Archived from groups: comp.sys.ibm.pc.hardware.video (
More info?)
"Bob Myers" <nospamplease@address.invalid> wrote in message news:<1wPmc.1077$vB4.626@news.cpqcorp.net>...
> "sonia" <sonkar@wp.pl> wrote in message
> news:52eee87b.0405060857.6e6173e5@posting.google.com...
> > I need to write a program, which would be counting the time of exposure
> dot
> > pitch and energy, which has to be delivered to dot pitch to make the
> > picture clear and visible.
> > has it any connection to the signal generated by RAMDAC?
>
> I'm not at all clear on what it is you're asking here, but taking
> the last question first:
>
> There is a connection between the amount of energy delivered to
> a given phosphor dot in a color CRT and the signal produced
> by the RAMDAC, obviously, or else the RAMDAC's output
> (the video signal) could not be used to control the overall
> intensity or "gray scale" of the image. However, you cannot
> directly calculate the energy delivered from anything about the
> RAMDAC, as the video amplifier and CRT biasing actually
> determine this.
>
> The "time of exposure" for a given dot is very brief - it is on
> the order of the pixel period (not exactly the same, since the
> CRT really doesn't see discrete "pixels" within the video
> signal, and non-linearities in the beam sweep complicate matters),
> and so for most timings commonly in use will be somewhere in
> the 5-10 nanosecond range, or slightly longer.
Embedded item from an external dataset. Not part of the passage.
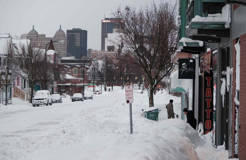 وظل الطقس العاصف مخيما على مقاطعة إري في غرب نيويورك حيث تقع بافالو والتي صارت تمثل بؤرة أزمة الطقس.

This exposure
> (assuming a static image) is of course then repeated at the
> refresh rate, typically 60-85 Hz or so. So a good approximation
> is that each phosphor dot sees a 10 ns burst of energy every
> 15 milliseconds.
>
> The final question would be how much energy is actually received
> by the phosphor during that burst. This is also a bit more
> complicated to figure out than it might first appear. Each
> beam of a color CRT, when "full on," supplies a beam current
> of somewhere in roughly the 100 microamp to 1 mA range
> (generally more toward the low end of this range), which is
> driven by a potential difference (from the screen, or "2nd anode"
> of the tube to the cathode) of something like 25-35 kV. This
> means that each beam represents at most somewhere around
> 10W of power. Most of this does not make it to the phosphors,
> though - it's intercepted by the shadow mask, to the tune of
> something like 75-80% of the energy going there. Then, the
> beam is generally a good deal larger than any individual phosphor
> dot, so only a fraction of what makes it through the mask strikes
> any given dot. Exactly how much does make it is complicated
> by the dot shape, beam size, the mask, and the angle of the
> beam - but clearly it's going to be somewhere around a few
> percent of the total original beam energy at best.
>
> Hope this helps.
>
> Bob M.
thanks for help